DEAR MISS MANNERS: We moved about four years ago to a small neighborhood in a rural area, where the homes are relatively far apart and people tend to like their privacy. We have a fenced area on our property that is overgrown, and it’s been recommended to me to use goats as an environmentally friendly solution to clearing it out.
Our neighbors behind us have goats, which we frequently see grazing freely around their property. We have not met these neighbors personally (as people tend to stick to themselves here) but have heard through other neighbors that they are friendly.
What is the proper etiquette for asking if we could borrow their goats for a week or so? Should I go over with a plate of cookies, introduce myself and then ask?
GENTLE READER: It would be tempting to issue an invitation directly to the goats, if only they could be expected to answer. (“We would love to have you over. We weren’t thinking of anything formal, you understand, just some light grazing.”)
But Miss Manners believes you really ought to get to know your human neighbors first, perhaps with that cookie-laden approach. You may then, in conversation, admire their livestock and steer the conversation, and the goats, in your own direction.
DEAR MISS MANNERS: I am a 25-year-old lawyer who worked as a law clerk for a year before passing the bar exam. When I accompany the partner to hearings where the client is present, I invariably get asked whether I am still in law school or how I like being a paralegal.

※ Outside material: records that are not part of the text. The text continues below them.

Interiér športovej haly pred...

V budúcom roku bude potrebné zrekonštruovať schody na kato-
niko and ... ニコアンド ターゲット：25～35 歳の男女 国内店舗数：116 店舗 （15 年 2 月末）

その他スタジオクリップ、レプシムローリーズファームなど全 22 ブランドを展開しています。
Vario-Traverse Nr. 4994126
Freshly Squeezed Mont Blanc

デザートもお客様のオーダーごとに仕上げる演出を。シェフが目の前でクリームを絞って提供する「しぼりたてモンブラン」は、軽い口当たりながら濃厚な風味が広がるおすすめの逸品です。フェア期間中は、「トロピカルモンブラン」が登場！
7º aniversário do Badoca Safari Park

What is the appropriate response? Also, when I am in the office, sometimes potential clients will walk in and ask me to make copies for them. I usually do this graciously, but I am wondering if there is something I can say to establish the fact that I am an attorney.

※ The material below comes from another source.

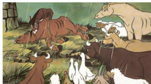
مزرعه حیوانات، استودیو هالاس و بچلر، ۱۹۵۴م

GENTLE READER: Etiquette bans correcting someone’s manners. It does not ban correcting their facts – politely.
The answer to how you like law school is, “I adored it, thank you, but I’m actually an attorney now,” combined with a winning smile that demonstrates (correctly or not) that your feelings have not been hurt.
The request for copies requires you to suppress any resentment enough to remember that while it is not your job to make copies, it is your job to make potential clients happy. This can be accomplished with, “It’s so nice to meet you. I’m an attorney here at the firm, but let me find someone who can do this for you.”
Or you could say with a smile, “You probably don’t want this at my billing rate.”
Being 25 is a time-limited problem, but Miss Manners asks that you remember your dilemma when you are a partner and have 25-year-old associates. That older version of you will be able to save associates from similar embarrassment by always making proper introductions.